Published in AI

ARM poaches Amazon chip guru for AI push

by on19 August 2025


Ramps up in-house CPU plans

Chip designer ARM has poached one of Amazon’s top silicon brains, Rami Sinno [pictured], to spearhead its in-house AI chip efforts, in a move that looks suspiciously like a direct shot at Chipzilla, AMD, and Nvidia's datacentre turf.

Sinno was Amazon’s AI chip director, responsible for building Trainium and Inferentia which were custom ASICs that gave Amazon Web Services a credible alternative to Nvidia's pricey accelerators. Now he’s jumped ship to ARM, where he’s expected to lead the company’s push beyond just flogging IP and into the murky, cash-burning world of CPU manufacturing.

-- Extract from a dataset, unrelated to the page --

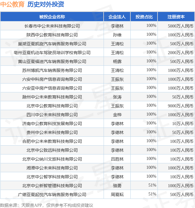 发布日期:2025-10-17 10:55 点击次数:149本站音讯,把柄天眼查APP流露,中公进修(002607.SZ)新增总共对外投资事件,被投资公司为长春市中公翌日科技有限公司足球投注app,法定代表东说念主李德林,投资占比为100%。该公司从事盘考和测验发展,注册成本为5000万东说念主民币。当今,中公进修共存在对外投资22项,投资占比前20的技俩见下表:

This is the clearest signal yet that ARM, under CEO Rene Haas, is gunning for a bigger slice of the AI silicon pie. Haas recently confirmed the firm was working on “full-end” solutions, a not-so-subtle hint that it plans to stop licensing all its best ideas to rivals and start cashing in directly.

ARM chips already power half of NVIDIA’s datacentre units, thanks to the Grace CPU architecture, and the company sees an opening to push harder into server racks. With Sinno on board and SoftBank happy to throw money at high-risk bets, ARM looks set to unveil its own silicon sooner rather than later.

The real challenge will be cracking a market still ruled by Intel and AMD who know a thing or two about defending their turf. But ARM isn’t starting from scratch. With NVIDIA already selling Grace CPUs using ARM cores, its architecture is proven. The question now is whether ARM can build and sell chips at scale without tripping over the very licensing model that made it rich in the first place.